RECORD EXCERPTS -
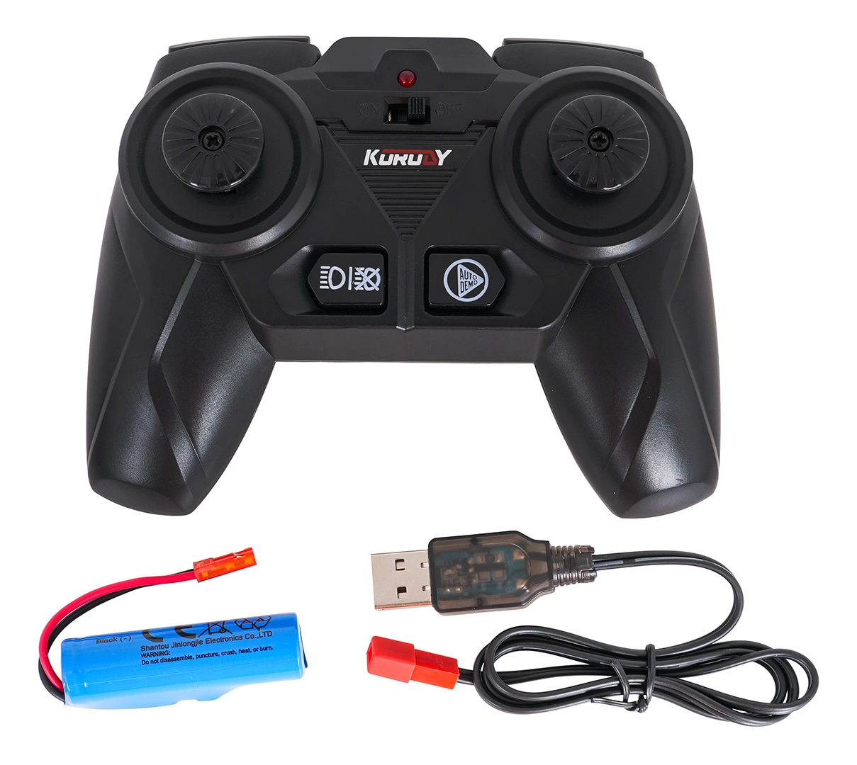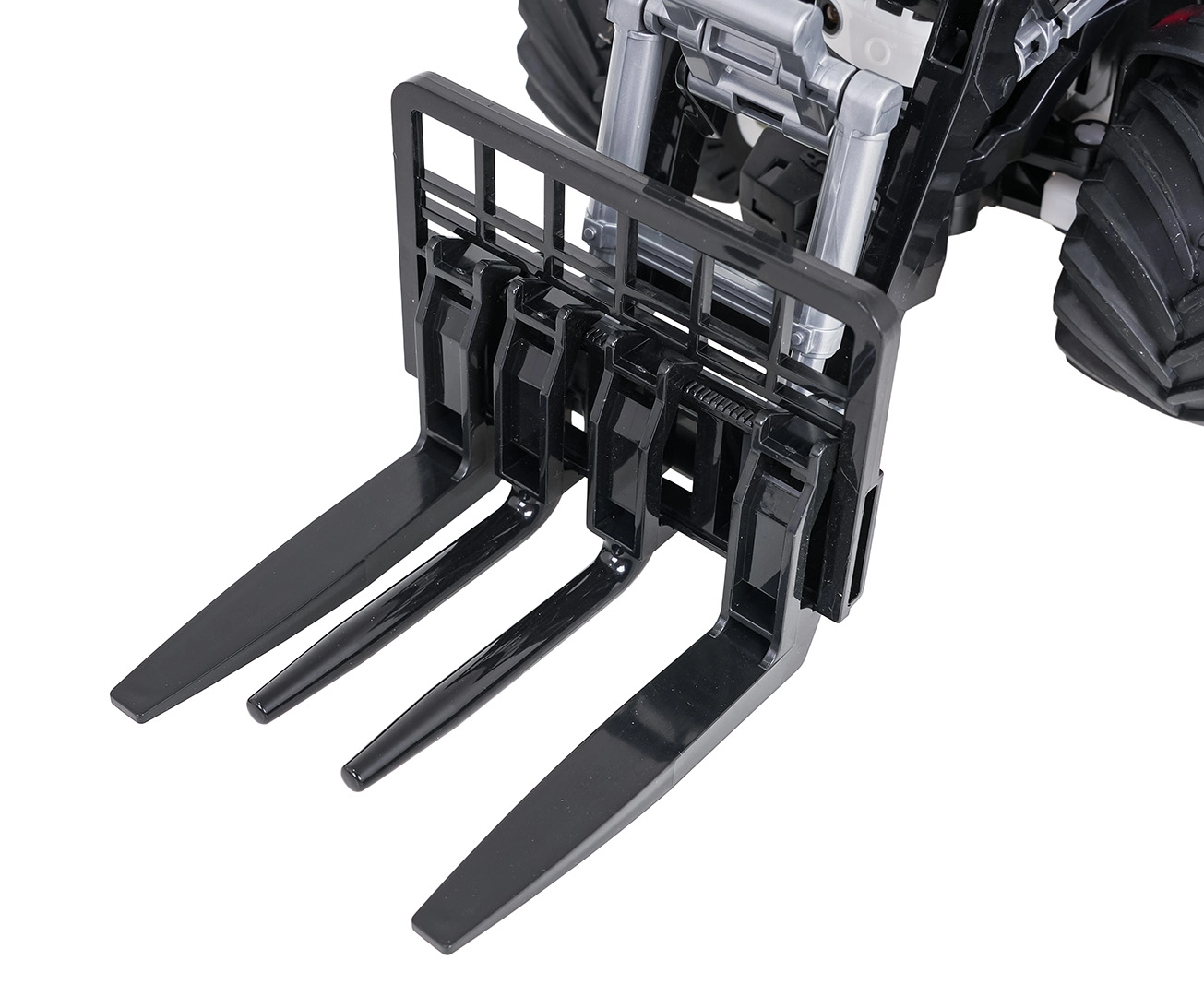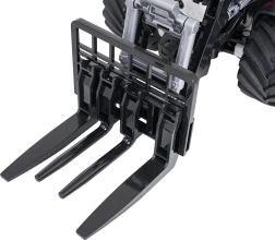 De voorlader kan handmatig worden geheven, neergelaten en gekanteld, zodat kinderen kleine voorwerpen kunnen scheppen en verplaatsen. Grote rubberen wielen zorgen voor goede tractie op verschillende ondergronden. Handig is ook het automatisch uitschakelen bij langere inactiviteit. De tractor wordt gevoed door de meegeleverde 3,7 V 500 mAh-accu; opladen via USB-kabel. De controller vereist 2× AAA (niet inbegrepen).
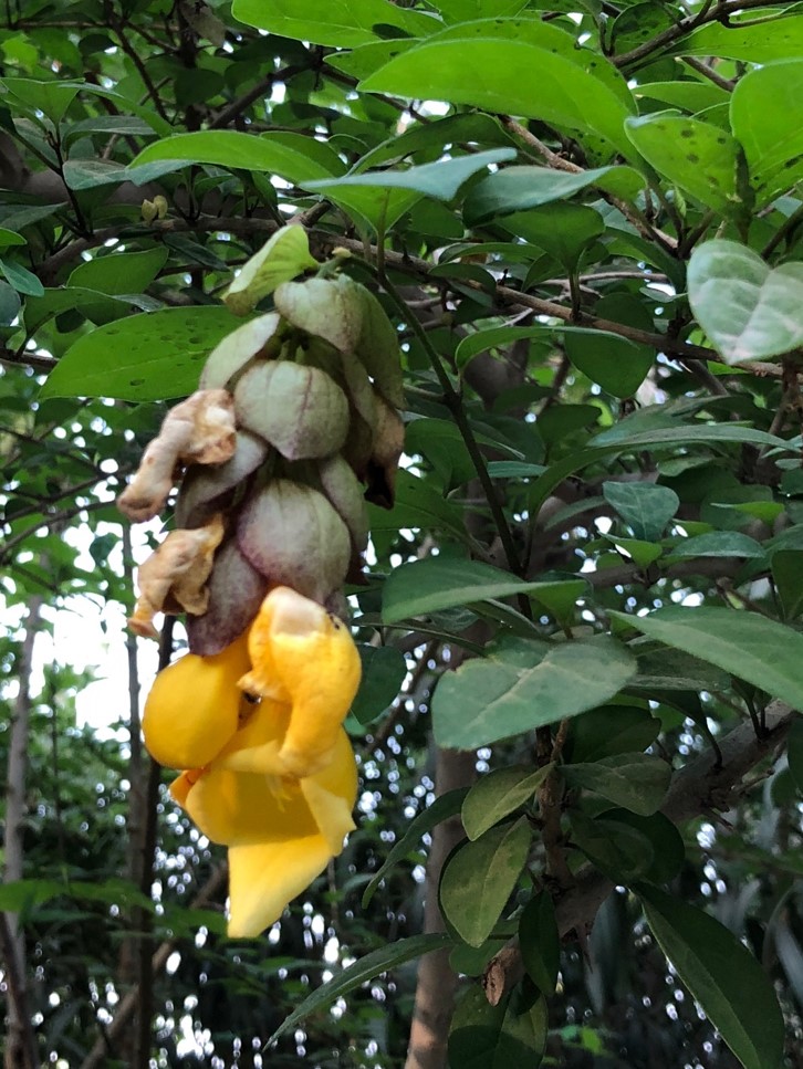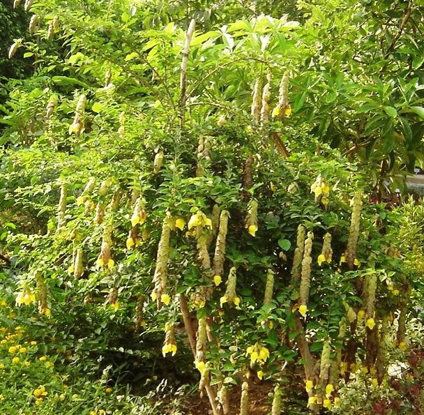Climbing shrub, leaves leathery blades that are egg- shaped to elliptic to drop-shaped flowers yellow, 5-8 cm long, and arranged in hanging cones with pointed red bracts fruit  drupe 3 cm long
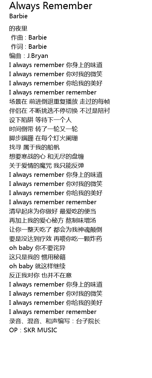 | [00:17.82] | I always remember nǐ shēn shàng de wèi dào |
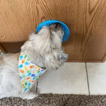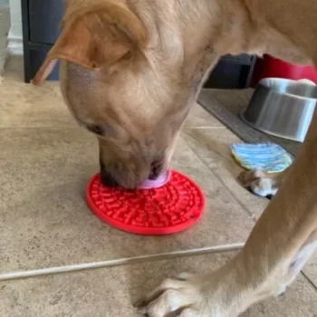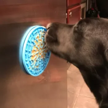 I just finished cutting and dremeling toenails on my three dogs with their total cooperation, thanks to this product. I just put squirt cheese in between the nubs of the slow treater, laid it on the grooming table, and the dogs were happily licking away while I worked on their feet. No pulling away, no second person to hold the dog, just me, some cheese, and the slow treater. I’m a fan!!!
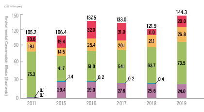 Environmental conservation (economic) effects for FY2019 reached 14.43 billion yen, which exceeded the result of the previous fiscal year.
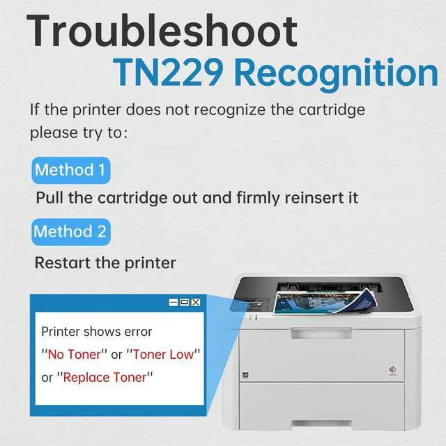 Buy with Confidence: As our products TN229 colour toners are made in an ISO 9001 and ISO 14001 certified facility, we are confident that they will be completely compatible with your printer, and will print sharp text and vivid colors.

WHAT IS REQUIRED - All lines from the one containing "Climbing shrub, leaves" to the last line of the records above, both included, need to be repeated word for word; omit the pictures.

TASK RESPONSE -
Climbing shrub, leaves leathery blades that are egg- shaped to elliptic to drop-shaped flowers yellow, 5-8 cm long, and arranged in hanging cones with pointed red bracts fruit  drupe 3 cm long
 | [00:17.82] | I always remember nǐ shēn shàng de wèi dào |
 I just finished cutting and dremeling toenails on my three dogs with their total cooperation, thanks to this product. I just put squirt cheese in between the nubs of the slow treater, laid it on the grooming table, and the dogs were happily licking away while I worked on their feet. No pulling away, no second person to hold the dog, just me, some cheese, and the slow treater. I’m a fan!!!
 Environmental conservation (economic) effects for FY2019 reached 14.43 billion yen, which exceeded the result of the previous fiscal year.
 Buy with Confidence: As our products TN229 colour toners are made in an ISO 9001 and ISO 14001 certified facility, we are confident that they will be completely compatible with your printer, and will print sharp text and vivid colors.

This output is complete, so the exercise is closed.